3. multiload-applet – GNOME system monitor applet

It is perhaps a little unfair to put this in the hall of shame because I did make an explicit choice to turn this daemon on, and its entire raison d’etre is to sample system state every ‘n’ seconds. The reason its here, however, is because its default out-of-the-box sampling frequency is a mere 500 ms and because of the sheer number of files it feels the need to poll:

 Pid 3290 multiload-apple run 301191+ ms...
   reads /etc/mtab 603 times, once every 499 ms avg 8192 bytes
   reads /proc/loadavg 603 times, once every 499 ms avg 8191 bytes
   reads /proc/meminfo 1206 times, once every 249 ms avg 8191 bytes
   reads /proc/mounts 3618 times, once every 83 ms avg 4096 bytes
   reads /proc/net/dev 603 times, once every 499 ms avg 8192 bytes
   reads /proc/partitions 3618 times, once every 83 ms avg 5461.33333333333 bytes
   reads /proc/stat 603 times, once every 499 ms avg 8191 bytes
   reads /proc/vmstat 603 times, once every 499 ms avg 8191 bytes
   reads /sys/block/dm-0/stat 603 times, once every 499 ms avg 8191 bytes
   reads /sys/block/dm-1/stat 603 times, once every 499 ms avg 8191 bytes
   reads /sys/block/dm-5/stat 603 times, once every 499 ms avg 8191 bytes
   reads /sys/block/sda/sda1/stat 603 times, once every 499 ms avg 8191 bytes
   reads /sys/class/net/eth0/statistics/collisions 603 times, once every 499 ms avg 8191 bytes
   reads /sys/class/net/eth0/statistics/rx_bytes 603 times, once every 499 ms avg 8191 bytes
   reads /sys/class/net/eth0/statistics/rx_errors 603 times, once every 499 ms avg 8191 bytes
   reads /sys/class/net/eth0/statistics/rx_packets 603 times, once every 499 ms avg 8191 bytes
   reads /sys/class/net/eth0/statistics/tx_bytes 603 times, once every 499 ms avg 8191 bytes
   reads /sys/class/net/eth0/statistics/tx_errors 603 times, once every 499 ms avg 8191 bytes
   reads /sys/class/net/eth0/statistics/tx_packets 603 times, once every 499 ms avg 8191 bytes
[snip another 100 files for other network devices vif0, vif1, etc]

This machine is running Xen so there are a number of virtual interfaces – most of them are not active though. This doesn’t stop the applet for reading their tx & rx statistics once every 500ms.

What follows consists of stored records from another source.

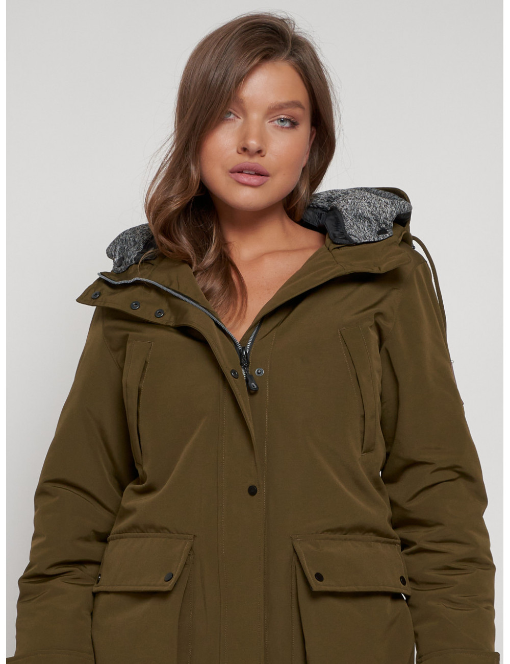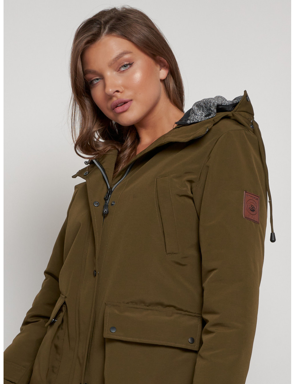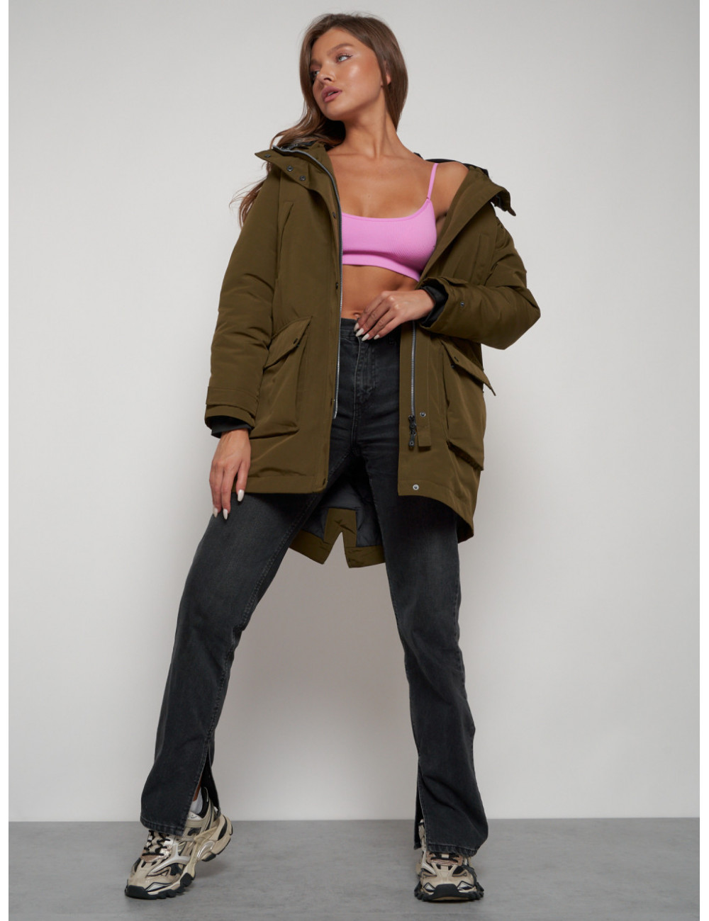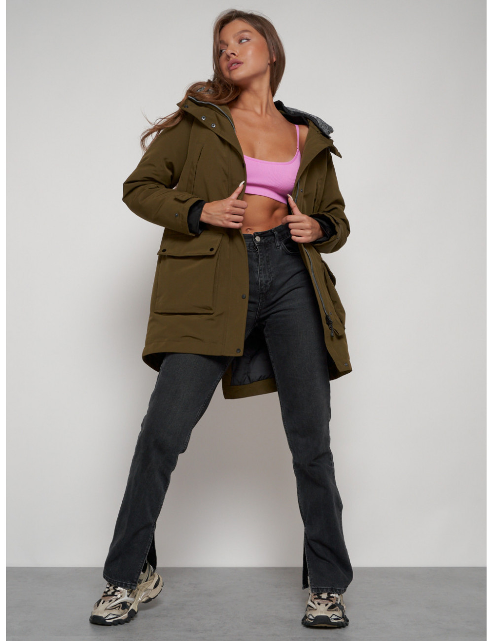 Доставка Женская зимняя парка с капюшоном, хаки, для активного отдыха. по Тюмени и Тюменской области СДЭК
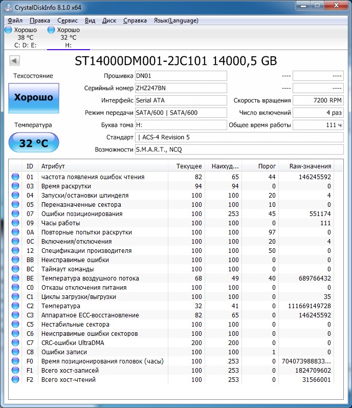>>>При использовании Crystal Disk Info в меню Сервис>Дополнительно>Raw-значения выберите вариант "10 [DEC]" это несколько упростит восприятие информации утилиты форумчанами.<<<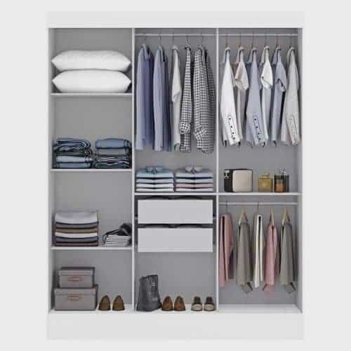 Guarda Roupa Atenas 3 portas é produzido 100% em mdp com 3 portas de correr e puxadores embutidos é ideal para qualquer espaço ele é bem divido contendo 3 prateleiras,3 cabideiros e duas gavetas o que proporciona uma ótima organização.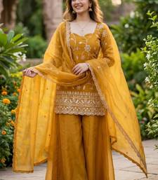 | Product Name | Mustard Silk Blend Embroidered Palazzo Set | |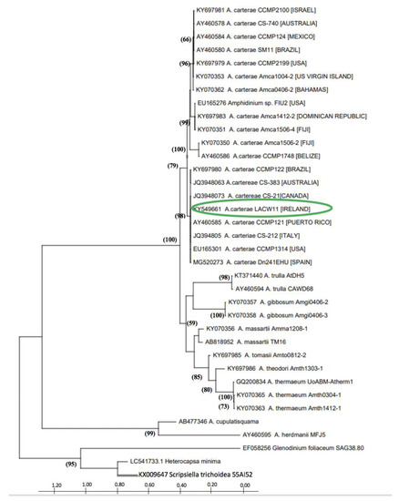 2.1. Phylogenetic Characterisation of Strain A. carterae LACW11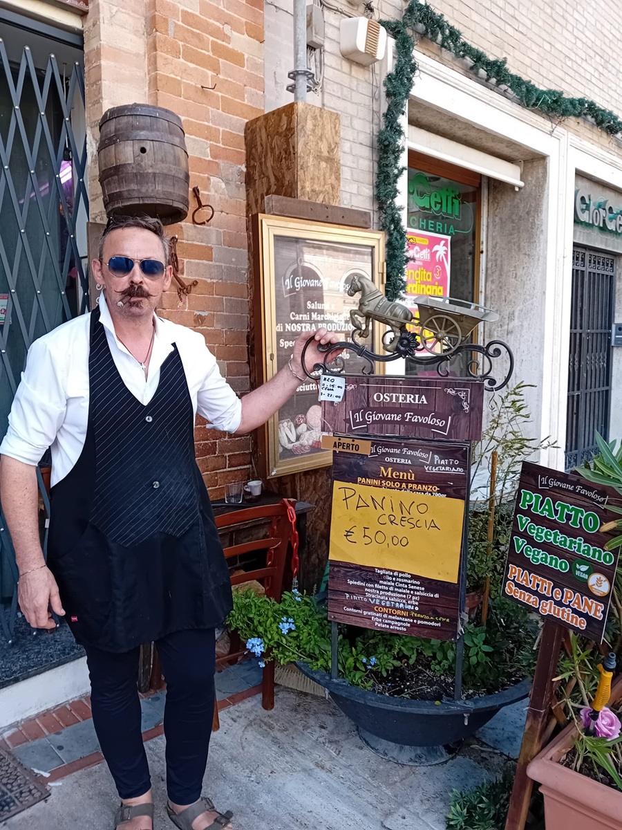 Ha sempre una buona dose di umorismo da spendere Giovanni Meriggi titolare del ristorante e macelleria di piazza Leopardi, “Giovanni il favoloso” Ieri sera, in occasione del concerto in piazza di Edoardo Bennato, il primo dei due appuntamenti di questa estate di Lunaria, per non essere distratto dal suo lavoro e concentrarsi al massimo sulla clientela del suo ristorante, con i tavoli, tutti da tempo prenotati, a pochi metri dal palco della concerto del noto cantautore, ha posto un cartello all’ingresso del suo locale in cui informa la clientela di passaggio che se vuole un panino si prepari a sborsare la bella cifra di 50 euro, a meno non si mangia neppure un sandwich.

It is not entirely clear why it has to read the tx & rx data for each individual network device, since it only ever displays the aggregate total network traffic for the machine – which it has already obtained from /proc/net/dev.

4. xenstored – Xen metadata database

The xenstored process is a ‘special’ program – and I don’t mean that in a good way.
A few weeks back I was wondering why merely monitoring the runtime state of a handful of domains was causing Xenstored to consume so much CPU time. The long answer is archived, but the short story is that its implementation of transactions requires it to take a complete copy of the database backend file everytime it starts & ends a transaction. With XenD performing about 16 transactions every time you ask for info about a domain, if you monitor 20 guest domains once a second, this translates into xenstored doing 80 MB of disk I/O every second.

 Pid 2831 xenstored run 301230+ ms...
   reads /var/lib/xenstored/tdb.0x9e1e9b8 404 times, once every 742 ms avg 196884 bytes
   reads /var/lib/xenstored/tdb.0x9e1f708 403 times, once every 744 ms avg 196884 bytes
   writes /var/lib/xenstored/tdb.0x9e1e9b8 404 times, once every 742 ms avg 73728 bytes
   writes /var/lib/xenstored/tdb.0x9e1f708 404 times, once every 742 ms avg 73728 bytes

Future…

Next task is to get this setup to run at boot again so we see just what files are contributing to I/O during startup. Also be useful to extend this to track ioctl() calls too, because just tracking read/write is certainly missing some interesting stuff.